Five years of the sentence was later overturned by an appeals court, and Baghi was released on in June 2011. In the months prior to his release, he and other prisoners went on a hunger strike to protest the deaths of dissidents Haleh Sahabi and Hoda Saber

== Homophobic views ==
On 27 January 2021, Emadeddin Baghi called a Conchita Wurst's photo "disgusting" on Twitter. Later in the same thread, he compared homosexual people with murderers and argued while homosexuals are disgusting, one can still defend their rights. Many Iranian scholars and activists reacted to his tweets, and argued that Emadeddin Baghi is a homophobic person who is not credible to be called a human rights activist. On 28 January 2021, Emadeddin Baghi's Twitter account was suspended due to his homophobic tweets.

==Organizations==

Emadeddin Baghi founded two Iranian nongovernmental organizations — the Society for the Defense of Prisoners' Rights in 2003, and the Society of Right to Life Guardians in 2005. The two organizations produce reports on the situation of Iranian prisoners and gather data about death penalty cases in Iran.

==Awards and recognition==
Baghi was awarded the Civil Courage Prize in 2004, sharing it with Zimbabwean opposition politician Lovemore Madhuku. However, he was prohibited from leaving Iran to accept it. The following year he won a human rights award from the French government.

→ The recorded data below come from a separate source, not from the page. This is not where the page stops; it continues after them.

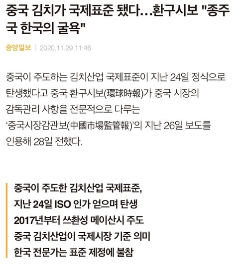 + 이시국 아니라고 하는 댓 있어서 올리는데 파오차이 이번일이 아니라 작년 11월에 국제표준 인증됨 한복도 이번에 일어난 일이아니라 블랙핑크 how you like that (작년 6월 ) 도 중국이 엄청 ㅈㄹ 했고 그 전부터 ㅈㄹ 했음 그리고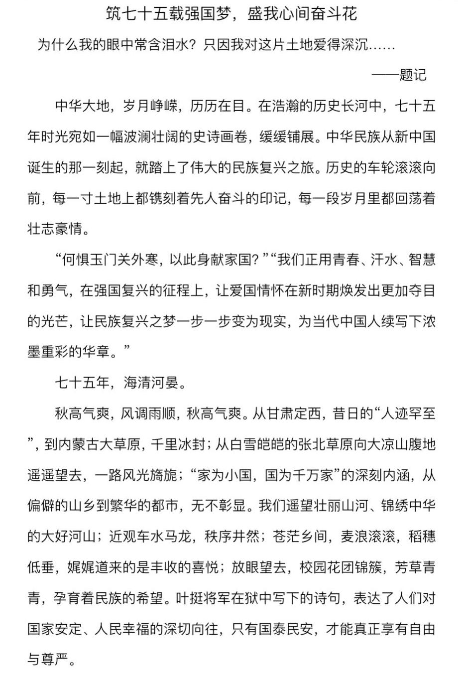 为庆祝中华人民共和国成立七十五周年,继承红色血脉,激发爱国热情。2024年12月园林系举办了一场以“强国复兴有我——庆祝新中国成立75周年”为主题的线上征文比赛。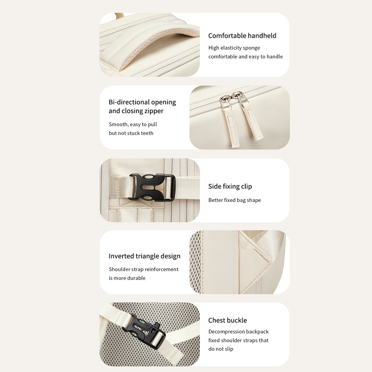 Comfort & Versatility:Breathable honeycomb back panel, reinforced padded shoulder straps, anti-slip chest strap, and dual carry modes (backpack or handbag).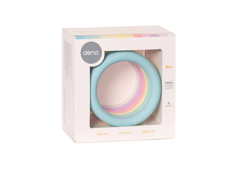 Quelles sont les caractéristiques techniques du lot de 6 anneaux d’éveil et de dentition de Dëna ?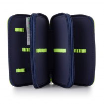 Školní penál třípatrový bez náplně. Penál obsahuje 41 gumových poutek pro uložení všech psacích potřeba a drobností potřebných k výuce. Penál má pevný zip s velkými taháčky pro snadnou manipulaci. Jedno patro je opatřeno průhlednou přihrádkou pro týdenní rozvrh.
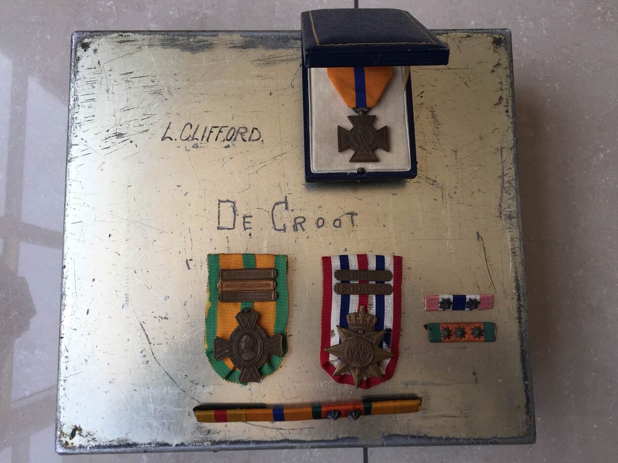Zeer wel mogelijk dat korporaal-torpedomaker L. Clifford bij die gelegenheid het in de intro genoemde aluminium kistje als afscheidsgeschenk aan De Groot overhandigt. In de deksel van het kistje staat namelijk met sierlijke letters ‘L. Clifford’ gekrast. De voorzijde verraadt dat het (blijkbaar van oorsprong Duitse) kistje eens een Fahrtmessanlage bevat heeft, een instrument om het aantal knopen dat een schip vaart te meten.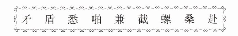 (1)矛 兼 (2)悉 桑 (3)啪 螺 (4)盾 截 赴

In 2009, Baghi won the Martin Ennals Award for Human Rights Defenders. This award is given annually in Geneva by a coalition of 10 international human rights organizations, including Amnesty International, Human Rights Watch and Front Line, to a leading defender of human rights who is currently in danger. The Iranian government again denied Baghi permission to attend the award ceremony.

==See also==
- Censorship in Iran
- Human rights in the Islamic Republic of Iran

== Family ==
Baghi is married to Fatemeh Kamali Ahmad Sarahi, with whom he has three daughters, including Maryam Baghi. In 2007, the two were given three-year suspended sentences and five years' probation for attending human rights training in Dubai three years before.